Realizing the environmental and economic potential of circularity in the building sector requires coordination across materials, cross-sector partnerships and harmonization of standards to connect a global circular economy and tackle fragmentation.

Material suppliers could collaborate with designers and contractors to develop reusable and interchangeable materials or increase material efficiency. For instance, we estimate that 10-15% of concrete and steel consumption could technically be saved by reducing overspecification, optimizing building design and using more durable substitutes without compromising integrity and safety.

Circular thinking could be adopted at the outset so sustainability is baked in at the design stage through everything from modular construction methods to ‘design for disassembly.’ Embodied carbon is irreversible once an asset is built and accounts for up to 50% of lifetime emissions.

Combined gains

Our report demonstrates that transitioning from linear consumption and production patterns towards a sustainable circular approach could drive combined environmental gains and economic growth in construction. This requires a parallel transition from a decentralized to a connected economy built around cross-sector collaboration, coordination and circular thinking. And, it involves embracing innovative new business models and technologies.

The prize is an economically and environmentally viable way to provide the new infrastructure needed by 2050, an environment in which existing buildings and structures provide a substantial share of the materials required and an ecosystem in which new value-creation opportunities emerge in an industry operating within planetary boundaries.

How Japan is promoting sustainability across its built environment

The Japanese government has been promoting the recycling of construction material since the early 1990’s as part of its overall policy to promote the effective utilization of resources.
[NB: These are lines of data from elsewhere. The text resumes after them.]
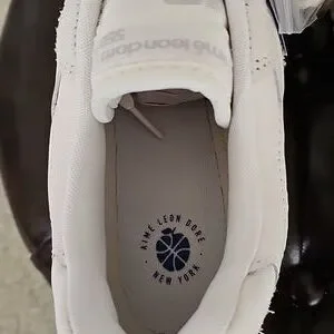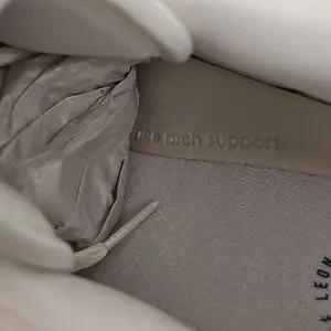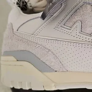 Features a mix of off white and white leather suede paneling.
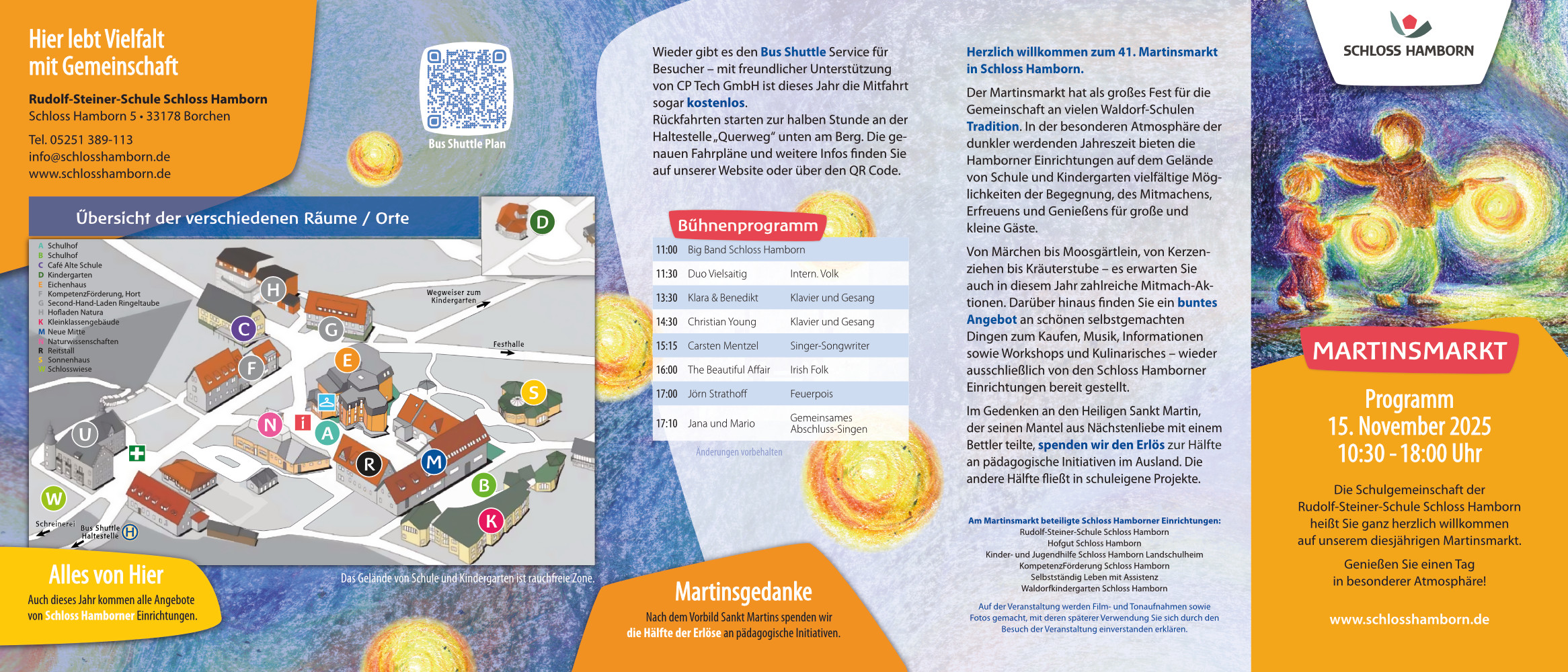 Die Schulgemeinschaft der Rudolf‐Steiner‐Schule Schloss Hamborn lädt am Samstag, den 15. November 2025 zum traditionellen Martinsmarkt ein. Von 10.30 – 18.00 Uhr stehen auf dem Gelände von Schule und Kindergarten wieder zahlreiche Angebote zum Mitmachen, Erfreuen und Genießen bereit.
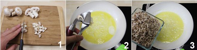 Um die Jakobsmuscheln mit Wein zuzubereiten, beginnen Sie damit, die Pilze gründlich zu waschen und zu trocknen. Schneiden Sie sie fein 1 und braten Sie sie in einer Pfanne an, in der Sie die Butter, einen Schuss extra natives Olivenöl und den zerdrückten Knoblauch geschmolzen haben (2-3).
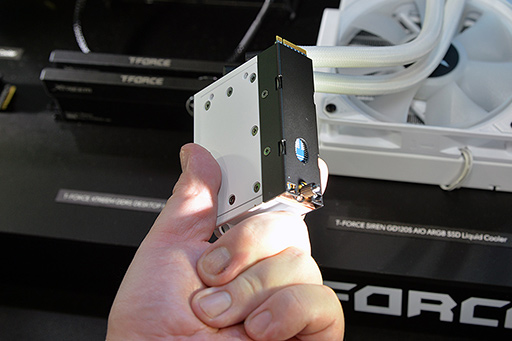 そして,Team Groupが本命とするのが,M.2 SSD向けの簡易液冷装置だ。仕組みはCPU向けに普及している簡易液冷のオールインワンクーラーと同じで,SSDに貼り付ける液冷ヘッダと,冷媒を循環させるポンプおよびラジエータ,そしてラジエータを冷却するケースファンで構成される。
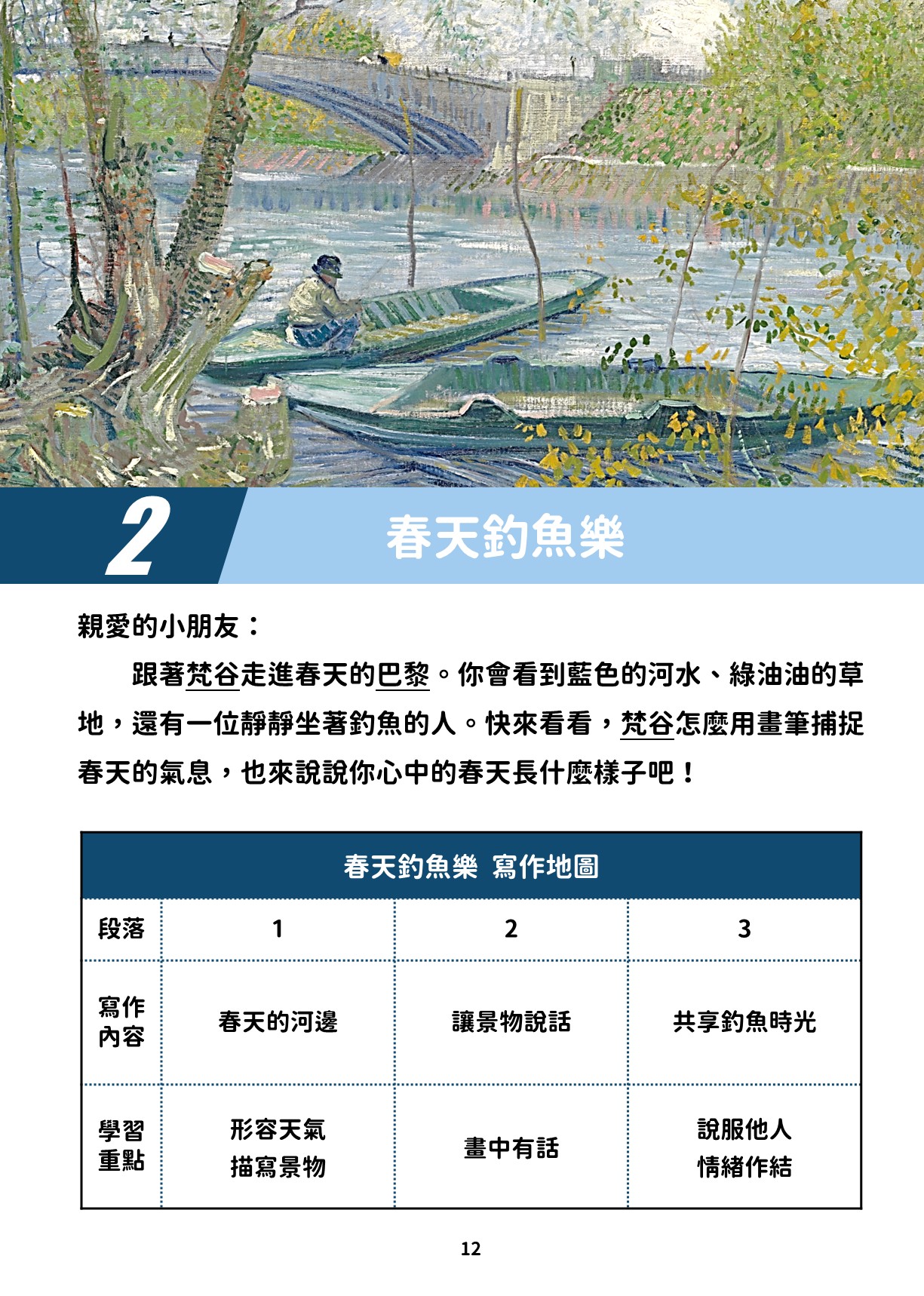 第二堂課「春天釣魚樂」:本堂課將學習梵谷如何將情感注入景色,並練習運用「擬人手法」,賦予景物生命與個性。
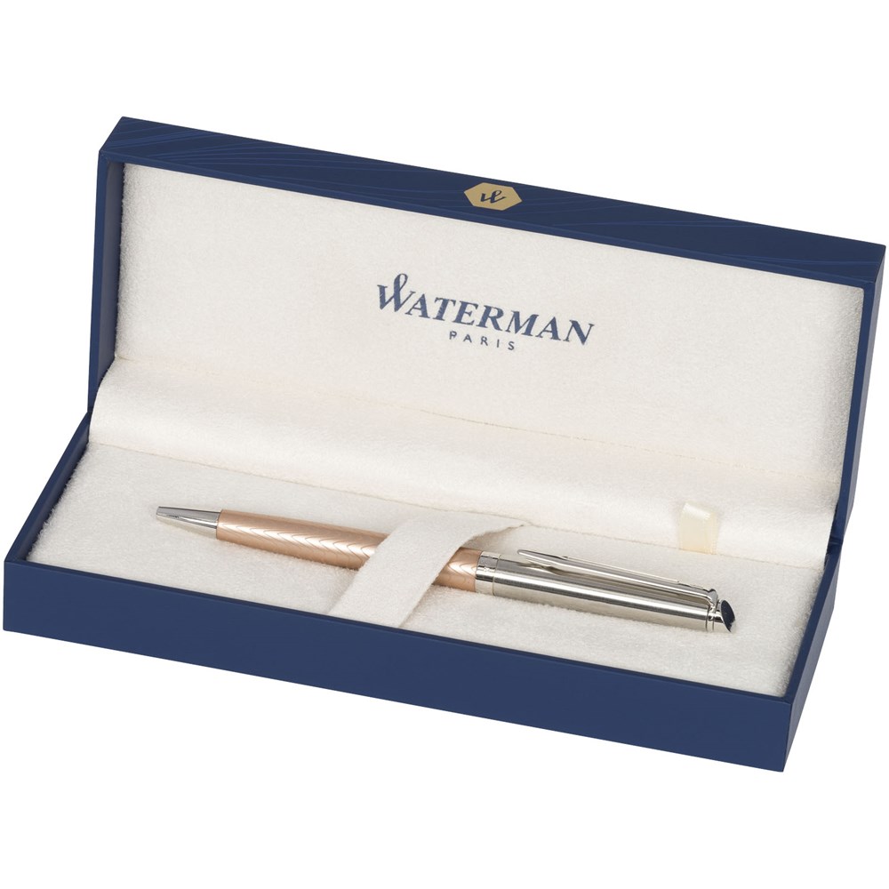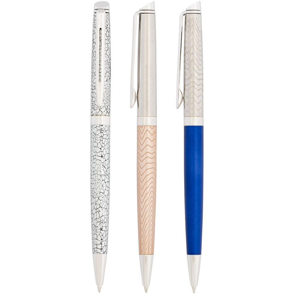 Die neue Hémisphère Premium-Kollektion mit fließenden Lasermustern, die die wunderschöne Form der Stifte respektieren und Trends wie natürliche/organische Elemente aufgreifen. Erhältlich als Kugelschreiber, Rollerball-Stift und Füllfederhalter und in 3 Farben/Designs: Eine lebhaft blaue Lackoberfläche komplett mit aufwendigem Signaturmuster eingeätzt in die Kappe, raffinierter Rose-Oberfläche mit subtil eingeätztem Muster und einem unvorhersehbarem und aufwendigem Muster mit palladium-plattierten Verzierungen. Verpackt in einem Waterman-Geschenkkarton.

The Construction Material Recycling Law was enacted in 2000 to implement the registration system of demolition contractors and ensure effective recycling of waste concrete, waste asphalt concrete and waste construction timber.

The recycling rate of such major construction materials rose from around 60% in the 1990s to over 90% in recent years. However, there is still room to improve the recycling rates of mixed waste and plastics. Steel and glass are well recycled in Japan, but when mixed with other construction waste, as they are not specified in the Construction Material Recycling Law, there is a lack of data to monitor how much is reused and for what purpose after the buildings are demolished.

There is other work ongoing to ensure circularity within the built environment in Japan. In 2022, as part of the Berlin Roadmap, Japan’s Ministry of the Environment supported the Circular Economy and Resource Efficiency Principles (CEREP) with other G7 members. CEREP is a set of behavioural guidelines to promote a circular economy and resource efficiency in the private sector.

This includes six core principles that aim to integrate a circular economy into a corporate managerial vision to promote the transition towards a circular economy and ensure resource-efficient businesses. One example of a principle is Principle 1: Leadership for corporate-wide circular economy and resource efficiency strategies. While the government plays a key role in building the enabling environment, there needs to be collaboration with the private sector to effectively address barriers, integrate policies and foster more public-private partnerships.